I think a lot of people are scared now. Who would’ve though that a 17-year-old boy would be killed just down the street. This boy walked on his tippy-toes, he was special ED. They followed him off the bus, they tussled with him. Mind you, I’m in my window. This is daytime, broad daylight. When I saw the crime tape, I asked my neighbor Jennifer what it was for. We looked down the street, the boy is gone. We in the window didn’t hear a gunshot, nothing at all.

They said that whoever it was thought he had some money and was trying to rob him. He was 17 and he was mentally retarded. He had no money, maybe he had a dollar and some change. No credit cards, no nothing. I know for a fact he never hurt no body. All he ever did was walk to the Dollar Store on his tippy-toes, walk back.

That was about 5-6 days ago. And then, a week before that, this first block. They just shot a man never bothered anybody. Never hurt anyone. Trying to rob him. With that man, he also had no money. These houses almost make you think people have something, but if they knew the struggle….

It’s scary, it makes you live on edge.

I’ve never been broken into here. But that house there, they broke into her house. This is what they did. They took her small flat screen television. Killed her German Shepherd. Killed the dog. They had broke in the back of her house but they dropped the television for whatever reason and it was just broken in the back of the alley. Senseless waste.
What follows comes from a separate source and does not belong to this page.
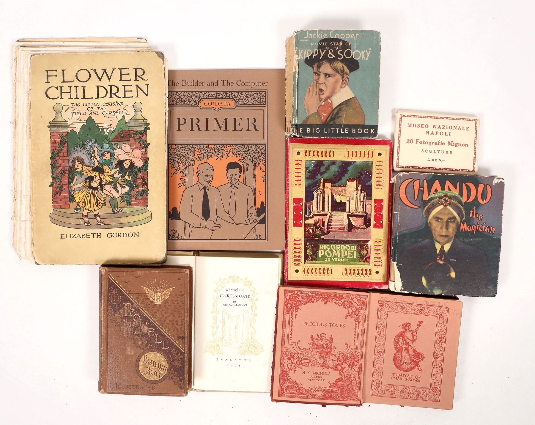 Collection of 8 miscellaneous books, c1883-1975. Includes: "The Lowell Birthday Book," illustrated, 1883, Houghton, Mifflin & Co., famous birthdays and index in back, 402 pp., front board detaching, preface and first two pages detached; "Chandu the Magician," book about the movie, movie stills of Bela Lugosi and other actors, undated but front inscription 1947, spine cover missing, some pages detached, general wear; "Jackie Cooper, Movie Star of 'Skippy' & 'Sooky,'" The Big Little Book, The Story of Jackie Cooper with photographs, 222 pages but missing some pages in back and some detached, front board detaching, spine cover missing; "Precious Tomes," H.S. Nichols, 1924, 141 pp., spine damage, wear; "Through the Garden Gate," Miriam Bragdon, 1975, 36 pp.; etc. Most with damage and wear. Please inspect photos.

Now they’re coming in their home. Where are you safe? We try to get in before dark but, you know.

I have an alarm system but these alarm people, they call you and if you don’t respond, they’ll just keep calling you. I’m like “if I didn’t answer the phone, call the cops! Why are you still calling me?” My alarm went off, I’m with ADT, and they had probably called me at 5:00, they finally sent the cops at like 8:00.

I didn’t know anything about the auction. I didn’t know a thing about it. My plan was, I got foreclosed, I gotta move. I have my sister, my brother, my mom, all here in Detroit. I don’t know if I’ll stay in Detroit, I always said if I leave from this house I’ll go to Atlanta.

Honey when you came to tell us about the auction, as soon as I saw Arleen, I said “God has sent someone to us. I just want you to know, He did it.” I said “this is her number right here that we have got to call because there is hope.”

But if I don’t keep the place, well that means I have to move. And I go from there.

One guy lost his house and killed himself. That kind a thinking is not an option. And it’s sad when people think that way.

But I’m gonna tell you what I truly believe, is that if God will bring me to it, he’ll bring me through it. And I have just that much faith. I’ve seen some days worse than this, that I thought I wasn’t gonna make it. And I did.